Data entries
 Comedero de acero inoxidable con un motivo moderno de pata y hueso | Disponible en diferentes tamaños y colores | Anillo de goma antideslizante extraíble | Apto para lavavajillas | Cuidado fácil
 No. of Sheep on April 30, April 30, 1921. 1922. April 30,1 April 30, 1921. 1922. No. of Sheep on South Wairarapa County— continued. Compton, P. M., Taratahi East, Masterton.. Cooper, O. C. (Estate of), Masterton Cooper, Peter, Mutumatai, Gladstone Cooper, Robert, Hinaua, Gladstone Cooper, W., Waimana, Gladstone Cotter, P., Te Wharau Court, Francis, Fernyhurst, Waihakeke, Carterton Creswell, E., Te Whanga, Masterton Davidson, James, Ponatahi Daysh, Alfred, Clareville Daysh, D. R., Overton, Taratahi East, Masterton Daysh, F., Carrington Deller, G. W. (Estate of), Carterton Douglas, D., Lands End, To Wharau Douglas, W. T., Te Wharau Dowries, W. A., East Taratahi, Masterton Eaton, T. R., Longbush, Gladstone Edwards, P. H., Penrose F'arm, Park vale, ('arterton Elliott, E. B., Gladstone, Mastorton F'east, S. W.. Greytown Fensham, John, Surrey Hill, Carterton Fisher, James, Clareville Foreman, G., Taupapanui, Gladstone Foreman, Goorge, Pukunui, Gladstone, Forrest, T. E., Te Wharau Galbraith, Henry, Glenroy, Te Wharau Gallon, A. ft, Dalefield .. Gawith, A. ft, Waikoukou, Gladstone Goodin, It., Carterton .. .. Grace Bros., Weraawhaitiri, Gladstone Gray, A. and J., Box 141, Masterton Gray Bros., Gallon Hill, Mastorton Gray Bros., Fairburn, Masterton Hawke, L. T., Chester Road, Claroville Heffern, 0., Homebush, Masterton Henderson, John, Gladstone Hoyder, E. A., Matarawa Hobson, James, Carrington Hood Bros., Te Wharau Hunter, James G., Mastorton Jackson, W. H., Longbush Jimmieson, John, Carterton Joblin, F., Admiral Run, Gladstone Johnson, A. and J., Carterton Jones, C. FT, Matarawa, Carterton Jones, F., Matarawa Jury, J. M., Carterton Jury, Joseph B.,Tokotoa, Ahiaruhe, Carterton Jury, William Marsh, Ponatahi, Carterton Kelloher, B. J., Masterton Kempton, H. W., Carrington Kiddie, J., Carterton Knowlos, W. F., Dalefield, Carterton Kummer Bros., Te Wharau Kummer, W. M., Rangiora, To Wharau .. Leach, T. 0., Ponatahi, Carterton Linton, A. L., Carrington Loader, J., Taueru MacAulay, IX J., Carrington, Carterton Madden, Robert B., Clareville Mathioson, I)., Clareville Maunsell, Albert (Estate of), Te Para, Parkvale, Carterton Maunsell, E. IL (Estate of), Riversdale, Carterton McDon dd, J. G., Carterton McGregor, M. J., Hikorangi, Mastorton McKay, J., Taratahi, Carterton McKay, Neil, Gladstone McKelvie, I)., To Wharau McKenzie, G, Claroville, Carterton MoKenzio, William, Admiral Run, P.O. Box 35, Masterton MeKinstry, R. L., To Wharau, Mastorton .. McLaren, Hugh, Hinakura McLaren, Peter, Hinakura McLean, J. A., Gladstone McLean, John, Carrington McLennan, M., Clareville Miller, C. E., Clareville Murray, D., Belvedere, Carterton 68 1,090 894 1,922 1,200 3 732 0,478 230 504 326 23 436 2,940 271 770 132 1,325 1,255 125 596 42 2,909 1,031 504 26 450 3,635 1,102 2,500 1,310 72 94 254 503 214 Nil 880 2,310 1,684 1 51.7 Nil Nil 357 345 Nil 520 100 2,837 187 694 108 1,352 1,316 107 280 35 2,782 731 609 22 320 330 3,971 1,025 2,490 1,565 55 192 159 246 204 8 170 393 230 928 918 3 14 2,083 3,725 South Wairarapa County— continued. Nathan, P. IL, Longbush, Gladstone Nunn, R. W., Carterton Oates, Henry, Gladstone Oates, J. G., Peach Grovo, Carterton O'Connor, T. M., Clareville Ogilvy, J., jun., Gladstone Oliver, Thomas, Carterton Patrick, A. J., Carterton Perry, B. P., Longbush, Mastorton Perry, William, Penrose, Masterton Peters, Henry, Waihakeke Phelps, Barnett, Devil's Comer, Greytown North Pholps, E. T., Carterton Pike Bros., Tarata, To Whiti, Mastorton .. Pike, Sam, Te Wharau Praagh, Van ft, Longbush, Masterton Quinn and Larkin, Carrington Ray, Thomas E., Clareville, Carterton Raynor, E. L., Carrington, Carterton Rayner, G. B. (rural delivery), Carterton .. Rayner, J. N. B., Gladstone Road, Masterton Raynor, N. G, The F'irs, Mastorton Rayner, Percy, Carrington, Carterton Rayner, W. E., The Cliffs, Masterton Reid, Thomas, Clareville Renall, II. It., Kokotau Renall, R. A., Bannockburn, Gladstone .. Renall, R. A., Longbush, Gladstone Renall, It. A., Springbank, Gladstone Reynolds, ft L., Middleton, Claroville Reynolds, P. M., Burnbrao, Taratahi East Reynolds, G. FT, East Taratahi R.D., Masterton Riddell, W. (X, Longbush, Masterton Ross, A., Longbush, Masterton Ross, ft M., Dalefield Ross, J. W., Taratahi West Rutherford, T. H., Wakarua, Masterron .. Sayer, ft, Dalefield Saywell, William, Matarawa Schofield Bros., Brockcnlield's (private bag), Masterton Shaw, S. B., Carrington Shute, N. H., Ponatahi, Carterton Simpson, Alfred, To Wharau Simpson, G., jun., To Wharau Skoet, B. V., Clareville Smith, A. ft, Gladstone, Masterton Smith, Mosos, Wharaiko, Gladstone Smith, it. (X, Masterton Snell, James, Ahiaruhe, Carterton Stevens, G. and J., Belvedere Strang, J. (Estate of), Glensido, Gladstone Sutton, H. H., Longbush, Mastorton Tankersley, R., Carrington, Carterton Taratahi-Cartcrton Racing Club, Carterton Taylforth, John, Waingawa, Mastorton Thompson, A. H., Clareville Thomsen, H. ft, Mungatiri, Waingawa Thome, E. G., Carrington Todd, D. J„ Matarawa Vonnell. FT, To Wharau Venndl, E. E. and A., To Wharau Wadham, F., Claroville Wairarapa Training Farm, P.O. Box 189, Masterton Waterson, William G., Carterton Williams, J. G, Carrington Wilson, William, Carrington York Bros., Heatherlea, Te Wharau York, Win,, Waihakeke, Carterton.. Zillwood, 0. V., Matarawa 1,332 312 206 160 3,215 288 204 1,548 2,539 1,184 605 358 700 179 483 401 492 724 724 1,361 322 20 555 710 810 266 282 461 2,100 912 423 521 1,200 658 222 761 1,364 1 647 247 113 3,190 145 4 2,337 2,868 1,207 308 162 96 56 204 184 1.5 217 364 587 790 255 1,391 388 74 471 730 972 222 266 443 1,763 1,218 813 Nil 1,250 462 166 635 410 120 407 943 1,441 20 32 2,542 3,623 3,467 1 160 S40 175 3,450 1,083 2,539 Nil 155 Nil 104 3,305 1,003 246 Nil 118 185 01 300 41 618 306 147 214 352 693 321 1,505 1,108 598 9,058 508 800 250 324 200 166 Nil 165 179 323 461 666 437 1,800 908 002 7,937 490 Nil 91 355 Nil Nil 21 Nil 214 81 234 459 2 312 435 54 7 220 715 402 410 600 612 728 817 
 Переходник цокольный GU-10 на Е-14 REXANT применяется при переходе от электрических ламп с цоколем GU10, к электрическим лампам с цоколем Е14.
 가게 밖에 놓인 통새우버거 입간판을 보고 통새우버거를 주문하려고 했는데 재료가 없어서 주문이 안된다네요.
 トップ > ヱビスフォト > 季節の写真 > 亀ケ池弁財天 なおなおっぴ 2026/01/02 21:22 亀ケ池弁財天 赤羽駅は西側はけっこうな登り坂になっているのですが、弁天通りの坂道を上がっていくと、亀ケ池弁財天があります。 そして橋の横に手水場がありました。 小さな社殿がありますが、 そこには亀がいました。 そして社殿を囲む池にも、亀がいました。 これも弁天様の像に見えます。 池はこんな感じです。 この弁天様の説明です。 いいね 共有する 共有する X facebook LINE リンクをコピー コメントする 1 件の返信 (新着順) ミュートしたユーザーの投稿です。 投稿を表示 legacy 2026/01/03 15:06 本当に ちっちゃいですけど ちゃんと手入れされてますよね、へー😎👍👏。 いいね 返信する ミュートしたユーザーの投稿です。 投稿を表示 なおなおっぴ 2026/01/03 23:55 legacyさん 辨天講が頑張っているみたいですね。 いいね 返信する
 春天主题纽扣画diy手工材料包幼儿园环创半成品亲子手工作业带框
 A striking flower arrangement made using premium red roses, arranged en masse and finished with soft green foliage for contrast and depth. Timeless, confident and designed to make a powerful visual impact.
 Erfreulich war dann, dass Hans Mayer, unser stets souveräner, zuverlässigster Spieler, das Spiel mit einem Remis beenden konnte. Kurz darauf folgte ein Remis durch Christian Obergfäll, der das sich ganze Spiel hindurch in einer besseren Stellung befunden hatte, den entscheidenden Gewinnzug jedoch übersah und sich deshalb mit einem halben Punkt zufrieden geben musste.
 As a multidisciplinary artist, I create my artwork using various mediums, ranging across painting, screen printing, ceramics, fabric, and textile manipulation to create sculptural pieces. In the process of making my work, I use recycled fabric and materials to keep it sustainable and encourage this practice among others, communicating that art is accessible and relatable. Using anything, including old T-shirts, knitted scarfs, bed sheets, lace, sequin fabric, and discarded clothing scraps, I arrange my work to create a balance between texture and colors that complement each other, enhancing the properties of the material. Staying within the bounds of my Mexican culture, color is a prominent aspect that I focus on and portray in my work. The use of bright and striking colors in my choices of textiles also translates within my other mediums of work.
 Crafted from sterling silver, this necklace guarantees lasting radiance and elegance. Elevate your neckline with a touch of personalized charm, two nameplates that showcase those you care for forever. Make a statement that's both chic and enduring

What this task involves: Wherever the string "using" appears in a line of the records above, copy that line.

Task result:
 A striking flower arrangement made using premium red roses, arranged en masse and finished with soft green foliage for contrast and depth. Timeless, confident and designed to make a powerful visual impact.
 As a multidisciplinary artist, I create my artwork using various mediums, ranging across painting, screen printing, ceramics, fabric, and textile manipulation to create sculptural pieces. In the process of making my work, I use recycled fabric and materials to keep it sustainable and encourage this practice among others, communicating that art is accessible and relatable. Using anything, including old T-shirts, knitted scarfs, bed sheets, lace, sequin fabric, and discarded clothing scraps, I arrange my work to create a balance between texture and colors that complement each other, enhancing the properties of the material. Staying within the bounds of my Mexican culture, color is a prominent aspect that I focus on and portray in my work. The use of bright and striking colors in my choices of textiles also translates within my other mediums of work.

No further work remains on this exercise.